Отца своего мама почти не помнила, а когда была подростком, трагически погибла её мать, потом умерла и сестра Мария, которую все очень любили, осталось их две сестры – Елена и Анастасия. Елена была намного старше, имела свою семью, но взяла сестрёнку под опеку. Мама была активной девушкой, любила спорт, хорошо работала, и в 1934 году её премировали путёвкой на рабфак в г. Вятку.

Таким образом, через рабфак прошли оба моих родителя. Он находился на улице Урицкого. В настоящее время это один из корпусов Кировской сельскохозяйственной академии (Вятская государственная сельскохозяйственная академия. – Прим. ред.), здесь располагаются кафедры и учебные аудитории инженерного факультета.

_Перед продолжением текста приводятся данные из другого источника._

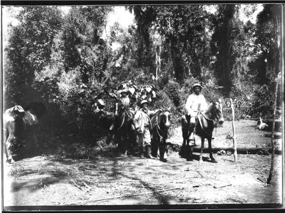
Expedición de Carlos Spegazzini a San Pedro, Misiones, Argentina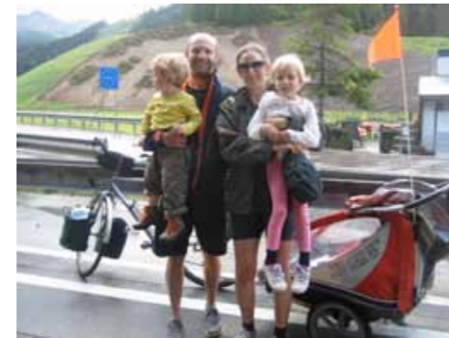
De grens naar Italië!

Когда мама вспоминала об учёбе на рабфаке, первое, о чём она говорила, – это о постоянном чувстве голода. Рассказывала, как радовалась, когда в Киров по делам райпотребсоюза приезжал муж её сестры Елены и привозил мешочек сухарей, или сушёных грибов, или какой-нибудь крупы.

После окончания рабфака маму зачислили на исторический факультет педагогического института. Сказать, что учёба давалась ей легко, нельзя. Сказывался всё-таки недостаток общего образования, но совмещая учёбу с общественной работой, с занятиями спортом, она успешно переходила с курса на курс. Мама хорошо бегала на лыжах, очень хорошо стреляла, прыгала с парашютом. Не знаю, за это или за всё вместе, профком института премировал её в 1936 году бесплатной путёвкой в Крым, в Симеиз. В нашем семейном архиве хранятся две фотографии: первая 1936 года – мать, купающаяся в море, и вторая 1938 года – отец на берегу моря в Гурзуфе (тоже по бесплатной путёвке).

В это время вокруг отца крутилось много записных красавиц. Внешность мамы не была заметной, хотя на институтских фотографиях ей не откажешь в некотором шарме и миловидности. Что именно привлекло отца в маме, не знаю, но 5 августа 1939 года они поженились. После окончания института папу пригласили работать ассистентом на кафедру истории СССР КГПИ, а маму взяли на работу в библиотечный техникум.

Но поработать в Кирове удалось не долго: в сентябре 1939 года отца по партийной мобилизации призвали в РККА, и он уехал в Свердловск в политуправление Уральского военного округа (УрВО), а маму он отвёз в деревню Буторинскую Новотроицкого сельсовета Шабалинского района. В Буторинской жила её сестра Елена с семьёй. 25 июля 1940 года в Новотроицком роддоме я и родился. Но через 10 дней меня перевезли в Свердловск, где я был зарегистрирован как свердловчанин.

Два месяца отец учится на курсах политического состава при политуправлении УрВО, а с декабря 1939 года становится лектором политуправления.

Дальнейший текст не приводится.